There's also a compounding effect. Under a warning-heavy model (some edge cases get removed AFAIK), every scammer we leave active has a cost to the total # of scammers going around. The platform accumulates flagged-but-around bad actors, each one an aged, somewhat-trusted-looking account that someone may not vet carefully. A growing field of labeled-but-live hazards, like a backyard with mines that have only flags on top of them, that we've seen some users verifiably walk over despite the warnings. I don't have analytics to quantify how much this degrades median trust over time, but I believe the effect is detrimental. Granted, this is purely anecdotal and I'm not claiming it as hard evidence, but I've talked with a number of people about the platform, both inside and outside, and a not-insignificant number report that they think there are too many scammers around here. A marketplace's reputation is one of its more fragile assets. To be fair, this is a Monero platform and the situation is not entirely escapable.
On evidence: there's research on ban-evasion in online platforms suggesting that banning tends to degrade fraud success even when offenders return, the general finding being that reputation and accumulated credibility don't transfer cleanly to a new account. This's suggestive rather than conclusive, some of it is preprint or industry research, and platform dynamics vary. But it's at least consistent with the incentive logic above: removing the account removes some advantages, while flagging it has a different set of effects.

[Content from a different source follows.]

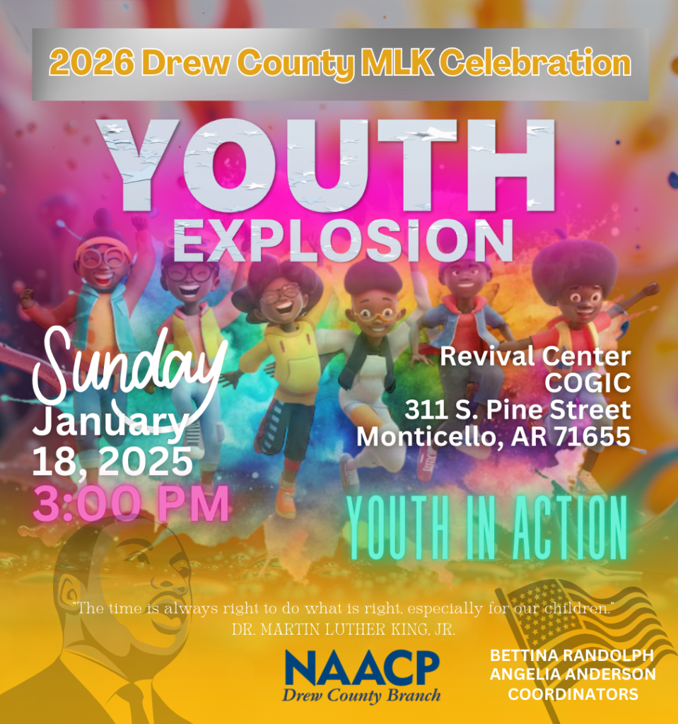 The NAACP Drew County Branch is proud to announce its annual Martin Luther King Jr. Celebration, featuring a comprehensive summit and community service activities designed to honor Dr. King’s legacy through action and education.

I'm also referencing some related writing of
AshleyJones here:
> "I'm a proponent of freedom of speech too, obviously. However, imagine if a guy went to a movie theater, bought a ticket, and then in the middle of the movie got up in front of the screen and started reciting poetry in as loud a voice as he could muster. If someone did this, they'd be kicked out of the movie theater, and rightfully so. Nobody is trying to 'censor' them or stifle their freedom of speech -- but the movie theater is selling a product (an enjoyable movie-watching experience) and this person, who entered the theater voluntarily, is acting in bad faith and ruining the product for everyone else. That's a silly scenario, but this is effectively what people who act in bad faith in any kind of online community are doing. As the manager of a movie theater, or as an administrator of a website, my opinion is that you not only have a right to remove these people, but an obligation to do so. A 'mod log' adds transparency, so that everyone else on the website can understand exactly why certain administrative actions were taken. Without this transparency, the guy in the example before could go around town telling everyone that the movie theater kicked him out 'for no reason,' when that's obviously not the case. A transparent mod log gives a community more trust in the administration, because if they DO happen to see an action taken on the mod log that they disagree with, they can voice their opinion then. In 99% of scenarios (deleting spam, banning obvious bad-faith users) the community will thank you for dealing with the problem."
Source:
https://dukenukemis.cool/textfile95.txtMy understanding of how things work around here is based on my own observation, and I fully accept I may be missing context or be wrong about some of it. If you see something I've gotten wrong, please correct me. I'm sharing this as my own view to get the community's opinions and feedback, since I think it's an important topic worth discussing further.